What Delivering Newspapers can Teach someone
Delivering newspapers is often the first job for many boys and girls. In the United Kingdom, a youngster can deliver newspapers from thirteen years old. A newspaper delivery round is many young people’s first paid employment, in Britain especially, because most other jobs are closed to them.
A newspaper round can teach a young person many valuable things about work. When you deliver newspapers, you have to learn to get up early in the morning and to be at work on time to collect your newspapers. You also must go to work every day rain or shine. In Britain, there is no riding your bicycle down the centre of the road throwing the papers from the bike, you have to physically go down each path, and place the newspaper through the letterbox in each front door. You also have to be careful not to tear the newspaper as you slide it through the letterbox. You have to remember to push the newspaper right into the letterbox and not leave it sticking out.
You learn responsibility because it is your responsibility to ensure that the customer gets the right newspaper at the proper time. You learn to be a dependable employee, because the newsagent depends on you to be there, each day, to deliver the newspapers, and to finish your round in a reasonable time.

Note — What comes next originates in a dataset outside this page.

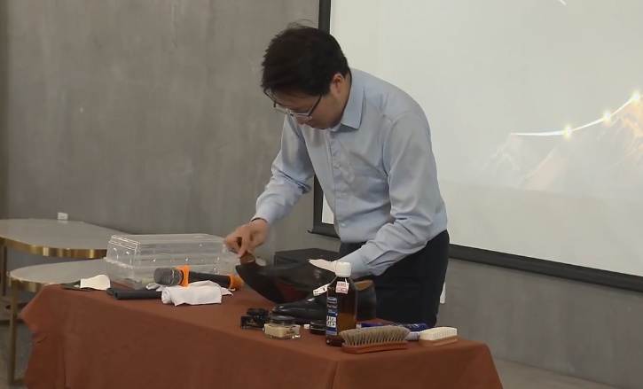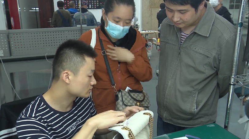 正在讲解的是皮具修护的高级技师叶黎松。来自殷行社区的待业青年王女士,在惠奢专业奢侈品维修保养工厂看到叶师傅正在修复一款白色古驰包,技术娴熟,觉得非常“神奇”。

A newspaper delivery boy, or girl, learns about the vagaries of customers, and their likes and dislikes, and that customers are not an amorphous mass, but individuals. He, or she, also learns that if you do not pay attention to your work, you make mistakes and the customer will complain to your employer. If you make too many mistakes, you could lose your job. You also learn that customers are appreciative of good service, when a customer hands you a little envelope at Christmas.
A newspaper delivery round earns a young person their first wages and teaches them that money does not grow on trees, but takes hard and diligent work to earn. It gives them an income that does not come from their parents but from their own efforts. This teaches them about managing money, and about the choices, one has to make about spending and saving. It teaches young people to budget carefully and they learn that if you spend all your wages on sweets on Saturday, when you get paid, you will not have any left to buy your best friend a birthday present the following Friday.
In the U.K., newspaper delivery boys and girls also learn about the extremes of the British weather, and that rain makes you, and your newspapers, if you are not careful, very wet. They also learn a great deal about letterboxes, some are way down at the bottom of the front door, some are in the middle, some are very high, and a few letterboxes are not in the front door at all but in the wall of the house. British newspaper delivery boys and girls, also learn about dogs and their personalities and how to push a newspaper through a letterbox, ensuring that your fingers never go through the letterbox to form the customer’s dog’s breakfast.
A newspaper delivery job teaches young people many useful lessons about work, the necessity of performing that work properly and the relationship between employer and employee. It teaches young people about the satisfaction of putting in a fair day’s work for a fair day’s pay, and about how to budget your money properly. A newspaper delivery boy, or girl, learns the importance of customer service and satisfaction. All these skills will stand young people in good stead when they embark on their careers.